# WORK REQUIRED
Return the full listing word for word, but drop every picture from it.

# PROVIDED MATERIAL

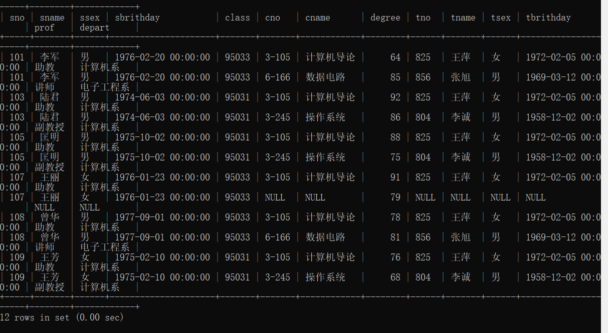 25、查询95033班和95031班全体学生的记录。
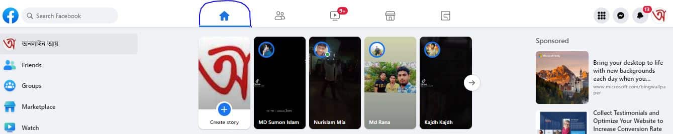 আপনার ফেসবুক একাউন্ট লগইন হওয়ার পরে, ফেসবুক এর হোম পেজ দেখতে পারবেন। নিচের ছবি দেখুনঃ
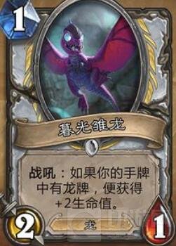 暮光雏龙:不错的单卡,不过我认为可以从这里腾出一个卡位给我们的核弹combo,这个随从基本只有在第一回合才能发挥他的实力,之后基本都是留在手里当龙的发动机了,综上考虑我决定从传统龙牧中剔除一张只带一张,前期摸到依然可以压场,后面摸到就安心当龙牌发动机。

# PROBLEM SOLUTION
 25、查询95033班和95031班全体学生的记录。
 আপনার ফেসবুক একাউন্ট লগইন হওয়ার পরে, ফেসবুক এর হোম পেজ দেখতে পারবেন। নিচের ছবি দেখুনঃ
 暮光雏龙:不错的单卡,不过我认为可以从这里腾出一个卡位给我们的核弹combo,这个随从基本只有在第一回合才能发挥他的实力,之后基本都是留在手里当龙的发动机了,综上考虑我决定从传统龙牧中剔除一张只带一张,前期摸到依然可以压场,后面摸到就安心当龙牌发动机。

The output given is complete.